By Lissy Maruthanakuzhy
Nagpur: As the Catholic Church gets ready to celebrate the feast of Corpus Christi on June 18, my mind goes back to a Sunday Mass I attended a few months ago.
I shared the pew with two women who I presumed were mother and daughter.
Their dress was simple but there was something in their demeanor that made me suspect if they were Catholics. The elderly woman did not exchange peace. She was hugging her purse all the time.
At communion time the young one got up and queued up with others and returned with great devotion. When she had sat down the elder one enquired whether she could also go. A parishioner who was behind them enquired whether they were Christians, to which the young one answered, “Of course.”
The elderly woman, with much hesitation, went ahead and received Communion and returned to the pew.

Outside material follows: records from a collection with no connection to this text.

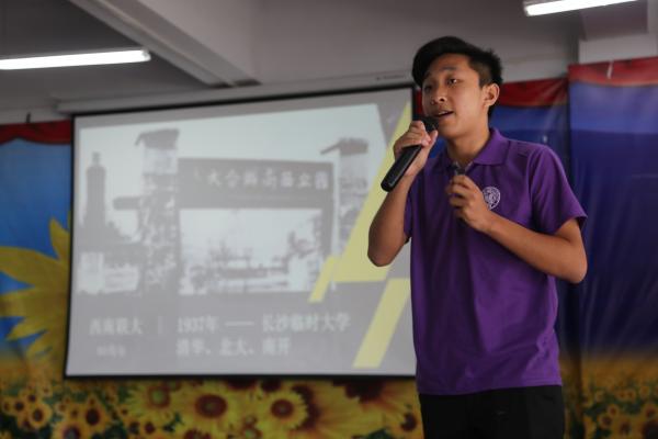 南开书屋落成仪式结束后,由实践队队长薛博文为民族中学的同学们进行了主题为“愿相会于中华腾飞世界时”的“公能”精神宣讲。他以总理赠言为切入点,引出伟德BV1946官网的建校历史与校训,用深入浅出的例子为员工们解释了何为“爱国爱群之公德与服务社会之能力”,引用张伯苓先生警句、《百年南开纪念碑记》中选段和“南开校钟”铭文,希望同学们珍惜初高中六年求学时光,努力拼搏,为日后实现“小我”梦想,贡献“大我”力量打下基础,成为于国于民的栋梁之才。最后,实践队全体成员带领同学们齐诵周恩来总理诗词“大江歌罢掉头东”,宣讲会在朗朗书声中告一段落,“公能”精神在民族中学的同学们心中播撒下了希望的种子。
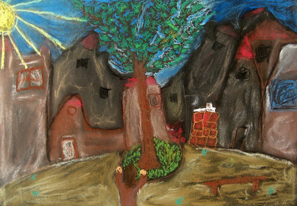 | Material: | Zeichenmaterial, Farbe, Tempera, Fettkreide |
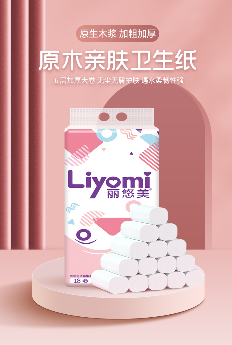 商品介绍:【丽悠美】加厚原生浆卫生卷纸18卷
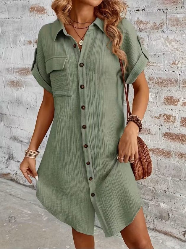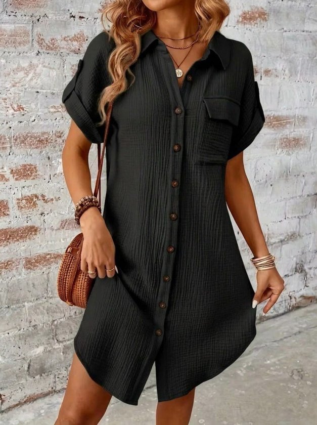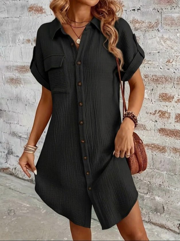 “Kadın Kısa Kollu Yakalı önden Düğmeli Bürümcük Kısa Elbise” için yorum yapan ilk kişi siz olun Yanıtı iptal et

When the Mass was over I kept close to them as we came out of the church. Gently I asked them about their whereabouts.
The young one said they were not Christians, “but I come every Sunday for Mass and receive communion.” I was amazed.

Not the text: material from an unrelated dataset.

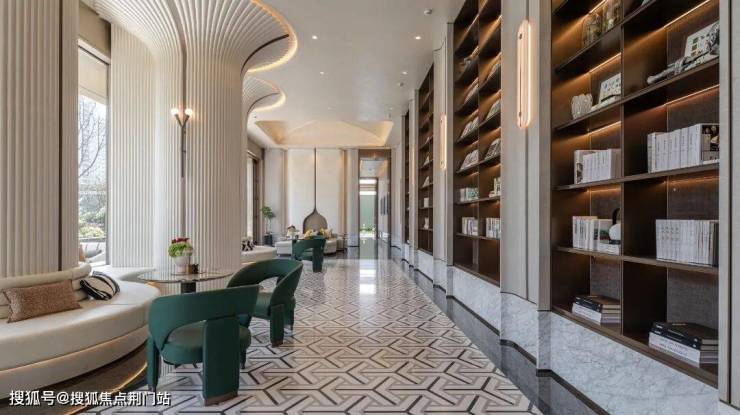从白玉水晶会客厅的超高玻璃看出去,可见庭院的“每一米”都被不同的景色铺满,镜面般的水系、圆润可爱的灌木丛、昂扬向上的花木以及形似瀑布的金属珠帘等共同组成了灵动的立体图景,宛如置身新加坡parkroyal公园的皇家酒店。

She continued, “Because I know when I receive Jesus I am healed. See my mother, she was in bed for several weeks. Now she can walk.”
I was awestruck.
Their faith in Jesus touched me. Since my Hindi was poor, I took them across the road to our convent to explain about Faith, Mass, Communion and related things.
Their story was convincing. The mother had been ill for several weeks, unable to get up from bed. “A Christian woman visited us, read the Gospel and prayed with us, and sprinkled holy water over her. Slowly the mother recovered,” the daughter narrated. At this point the mother started sobbing. “The woman told us about Jesus and asked us to go to church. Since then I have been coming to Church. Mother came only today,” she said.
As we were going to the convent, we had met a lame young man at the church gate and the young woman gave him a coin from her meager collections. I was impressed. After hearing their story, I realized they lived out the Eucharist in their lives, reaching out to the poor, that many Catholics still learn to do.
That is why Pope Francis keeps challenging Christians to live out the Communion with Christ asking, “How do we experience the Eucharist? How do we live after our Sunday Mass?”
On Corpus Christi feast the Pope’s thoughts pierce my heart. His questions challenge me to become open to the needy and the oppressed around me.
Melanie Jean Juneam, a reporter, relates an incident in an article, about a nurse she read about.
“On her way to Church, this nurse stopped to help the victims of a car accident. She left after help arrived, but was covered in blood and dirt. Rather than wasting time by going home to change clothes, she decided to simply put the top on inside out to hide most the mess. Although she missed her own regular
Eucharist she just had time to make it to a nearby Mass at another Church. Immediately she felt self-conscious, ill at ease with the kind of attention she attracted but it was at the kiss of peace where she was actually stunned; people ignored her, refusing to make an eye contact or shake her hand. As an upstanding, well-known active member of her parish, she was shocked by their judgments about what type of person she was. Suddenly this care giving nurse realized how the poor, marginalized and needy feel every time they step inside a church.”
Pope Francis continues, “In the Eucharist Christ is always renewing his gift of self which he made on the cross. His whole life is an act of total sharing of self out of love.”
Does the Eucharist urge me to go out to the poor, the sick, the marginalized? Does it help me recognize in them the face of Jesus? Do I try to help, approach, pray for those in difficulty? Does the Eucharist increase my capacity to rejoice with those rejoice, cry with those who cry?
That makes me recall another experience on a weekday. After Communion, as I sat with closed eyes I heard some commotion around me. When I looked I saw two women: one obviously a non-Christian believer. Her face was very sad. She had received communion in hand and was taking it to the back pew where her husband sat. She wanted to share it with him. A Catholic woman, who saw her taking it, consumed the host.
After the Mass, when we came out of the church, I heard the man saying, “Yes. We wanted to share it.”
Later, we met them outside the church. They explained. “Our elder daughter is married for seven years. She has no issues. The second daughter is 30 years, but no proposals are clicking. The third daughter after her studies is searching for a job, attended several interviews, but nothing is coming through. There are many blocks in our family,” the man explained while his wife cried.
“We go to church in our village. When we are in the city we come here. We believe Jesus can remove the blocks and help us,” he added.
The poor and the suffering in India are discovering Jesus in their own way. And it seems the Divine Healer and comforter works out of the box – beyond Church and its rules and regulations.